• _Records supplied_
*-*-*

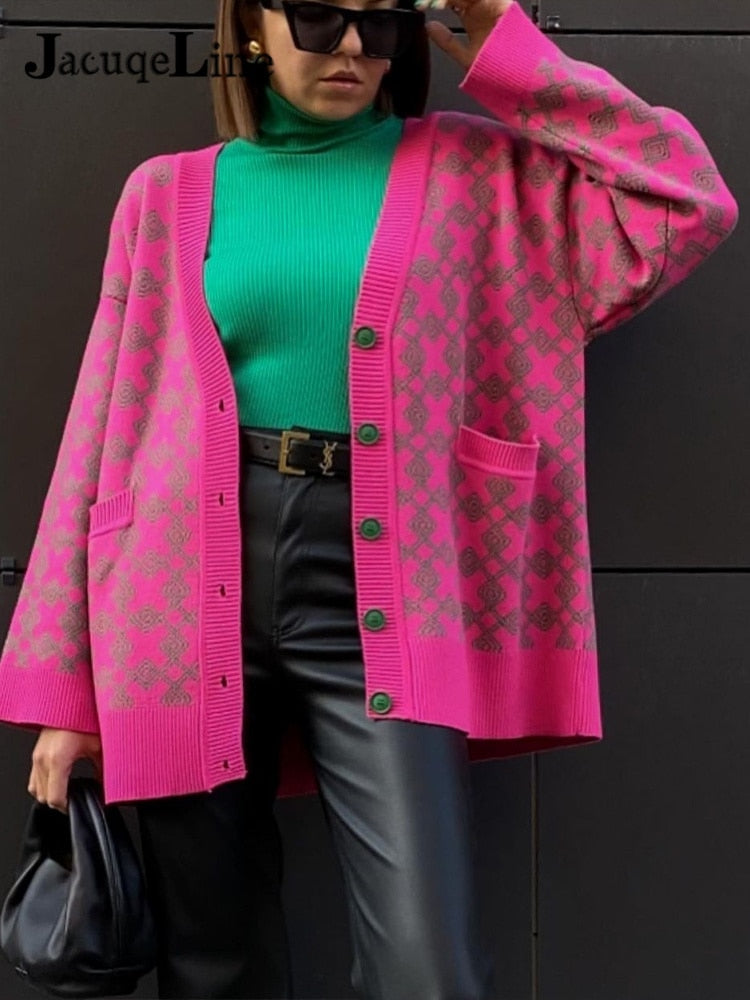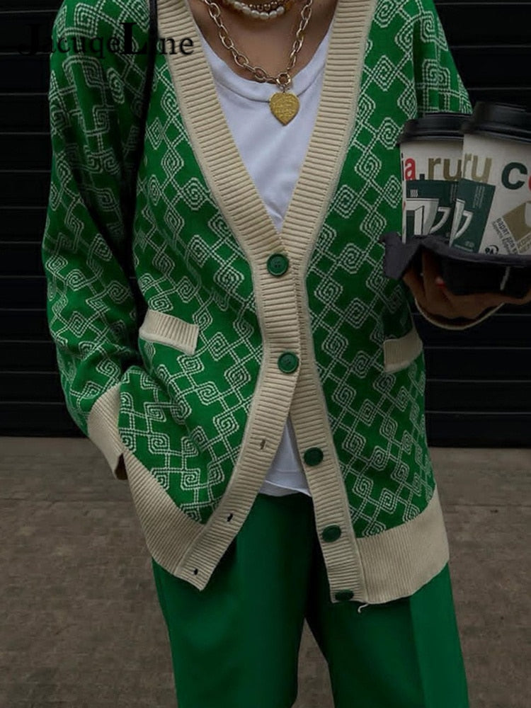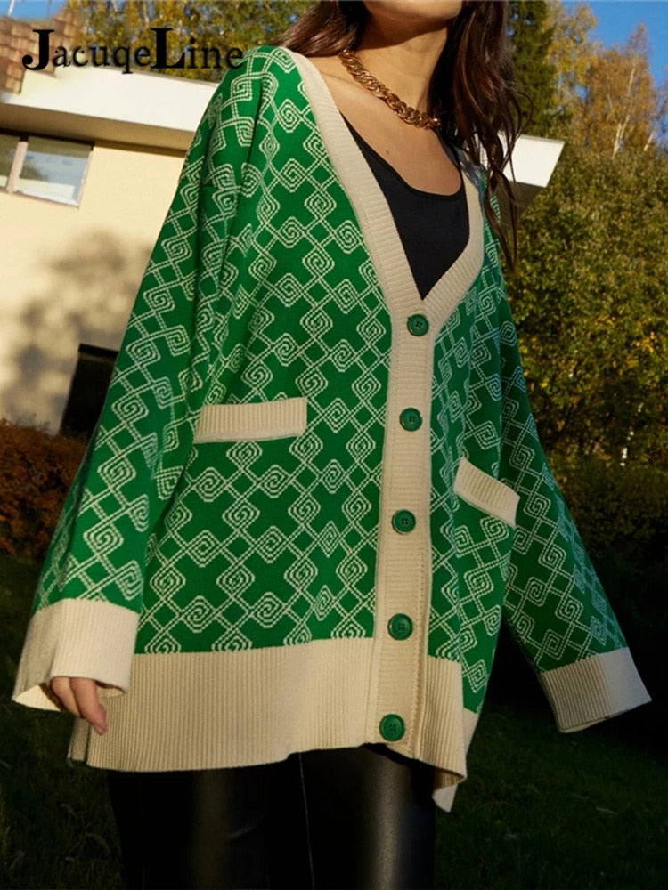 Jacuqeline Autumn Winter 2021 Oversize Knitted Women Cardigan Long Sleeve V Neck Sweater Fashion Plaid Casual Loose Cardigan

*-*-*

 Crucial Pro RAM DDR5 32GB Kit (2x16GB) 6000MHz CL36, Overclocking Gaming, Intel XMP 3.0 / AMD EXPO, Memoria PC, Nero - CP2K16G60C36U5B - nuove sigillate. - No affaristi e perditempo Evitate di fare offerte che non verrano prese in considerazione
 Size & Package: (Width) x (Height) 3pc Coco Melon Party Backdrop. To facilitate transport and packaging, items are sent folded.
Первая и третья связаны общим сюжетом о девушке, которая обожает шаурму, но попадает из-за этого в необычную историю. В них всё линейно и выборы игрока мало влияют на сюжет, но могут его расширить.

*-*-*

• _To do_
Only one stretch of the records above is wanted: the lines between the one holding "Size & Package: (Width)" and the one holding "Первая и третья", inclusive, reproduced exactly.

• _Task solution_
 Size & Package: (Width) x (Height) 3pc Coco Melon Party Backdrop. To facilitate transport and packaging, items are sent folded.
Первая и третья связаны общим сюжетом о девушке, которая обожает шаурму, но попадает из-за этого в необычную историю. В них всё линейно и выборы игрока мало влияют на сюжет, но могут его расширить.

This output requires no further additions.